* **Work task**
Would you retype the lines from the one that holds "son LOVED this" to the final line of the entries below, both ends included and exactly as written, but without pictures?

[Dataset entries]

--- --- ---

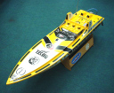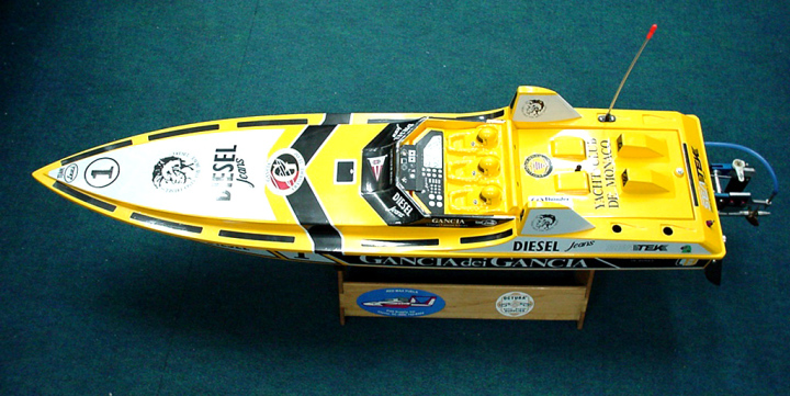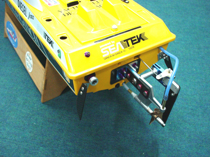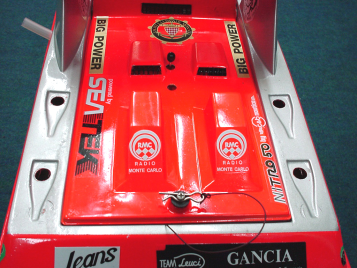 | 注意その他 | この船体は長く大きいので平水時の走行は非常に難しいので重心位置を後方にもってくることとブラケットをマイナス(2〜3度)にしウイングを後下がりのセッティングにすればなおよく走るようになると思います。ウイングのテストをまだ行っていませんが次回してみたいと思っております。キットの状態の時に木部その他内部にクリッパー製のFRP補修液などを必ず塗っておくことをお勧めします。この作業はラジコンボート(エンジン)をする人なら基本中の基本です。 |
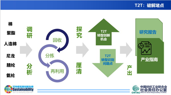 考慮到目前循環設計仍舊處于概念提出與呼吁的初級階段,循環創新的技術、工藝和設備創新不足,缺乏頂層設計及相應的政策、配套制度和標準體系需進一步完善,并且綠色消費市場驅動力不足,缺乏推廣循環時尚的專業平臺和專業人才。中國紡織品循環創新研究項目為推動變革,中國紡織工業聯合會社會責任辦公室副主任兼可持續發展項目主任胡柯華重點介紹了項目的工作規劃,分享預期目標和工作計劃。本次項目重點聚焦六種主要紡織纖維材料(Cotton 棉、Polyester 聚酯纖維、MMCF 人造纖維素纖維、Nylon 錦綸、Acrylic 腈綸和Elastane 氨綸)的紡織品的回收、分揀、再利用過程中的現狀與問題,探索技術創新路徑和商業模式、市場機會,撰寫中國T2T產業創新報告。同時,項目將為參與廠商開展能力建設,以及召開T2T產業創新報告發布會,為紡織行業循環轉型提供產業全景圖。
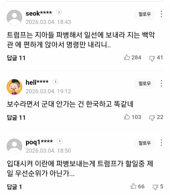 아니 트럼프가 싫어도 지금 이상태에서 어정쩡하게 이란전 끝내면 나중에 더 ㅈ되는거 모르나 ㅋㅋㅋ걍 이렇게된거 이란 그냥 밀어버리는게 나음
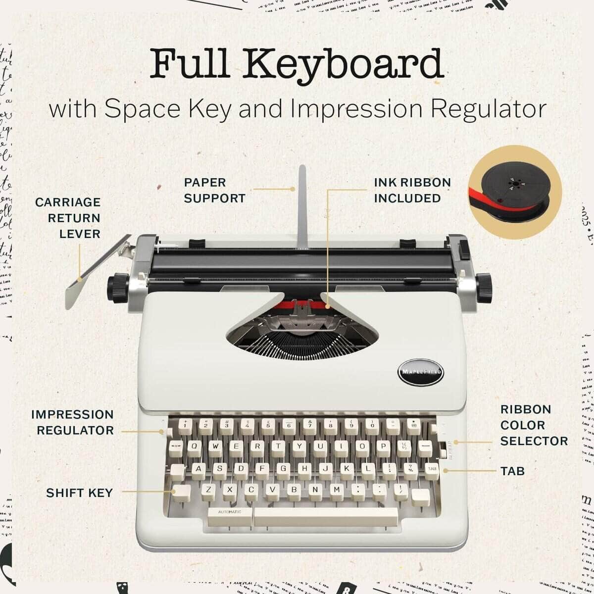 5. Fácil de usar y configurar: Con un diseño mejorado e instrucciones sencillas, esta máquina de escribir manual vintage está lista para usarse en minutos. Deja fluir tu creatividad mientras escribes y disfruta del encanto de antaño que aporta a tu rutina de escritura
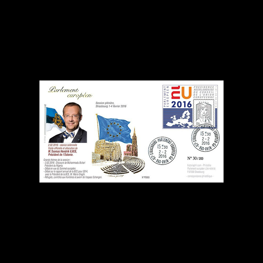 N°PE693 : FDC 'Premium edition' Session of the European Parliament to Strasbourg (France) February 1-4, 2016 "February 2, 2016 : Official visit and speech by Mr. Toomas Hendrik ILVES, President of Estonia" 2016 :
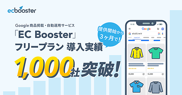 株式会社フィードフォース(所在地:東京都文京区、代表取締役:塚田 耕司、以下「フィードフォース」)が提供する Google 商品掲載・自動運用サービス「EC Booster」は、フリープラン提供開始3ヵ月で導入実績1,000社突破したことを発表いたします。
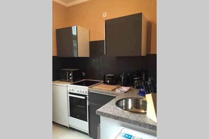 bezugsfreie 2 Z-Wohnung mit gemuetlichen Zimmern und eingebauter Küche. Perfekte Lage unweit der U-Bahn und nahe dem Park und Stadtzentrum Berlins.
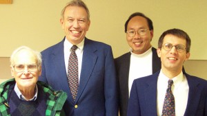 Thanks to the Sampson Lecture funds, we have been able to enjoy many great presentations by well known mathematical people for a number of years. The photo to the right was taken at the 2001 Sampson lecture. Pictured are Dick Sampson, George Andrews, Peter Wong and Warren Johnson.
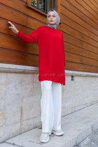 Lamelif Bisiklet Yaka Arma Detaylı Tunik Kırmızı
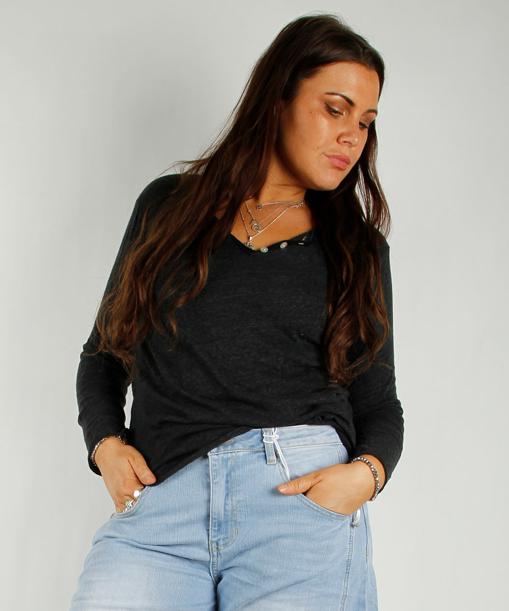 Langermet jerseytopp i bomull. V-hals med 3 pynteknapper. Myk og god stretch.
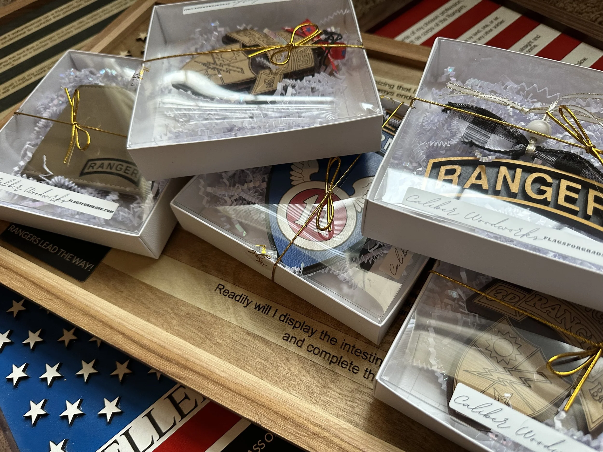 “Our son LOVED this flag! Thank you for going above and beyond to deliver at our hotel. To be honest, when we opened it to take a peek, I cried! It is more beautiful in person. Quality work! We were so excited to gift this to our Ranger. Thank you so much!”
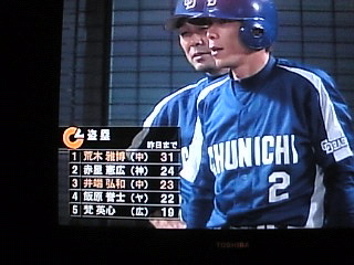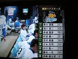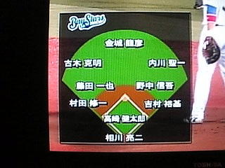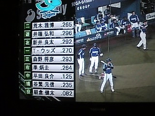 (中)川上、デニー、平井、クルス、岡本、鈴木、石井、久本、高橋、岩瀬-谷繁、清水将

--- --- ---

* **Final answer**
 “Our son LOVED this flag! Thank you for going above and beyond to deliver at our hotel. To be honest, when we opened it to take a peek, I cried! It is more beautiful in person. Quality work! We were so excited to gift this to our Ranger. Thank you so much!”
 (中)川上、デニー、平井、クルス、岡本、鈴木、石井、久本、高橋、岩瀬-谷繁、清水将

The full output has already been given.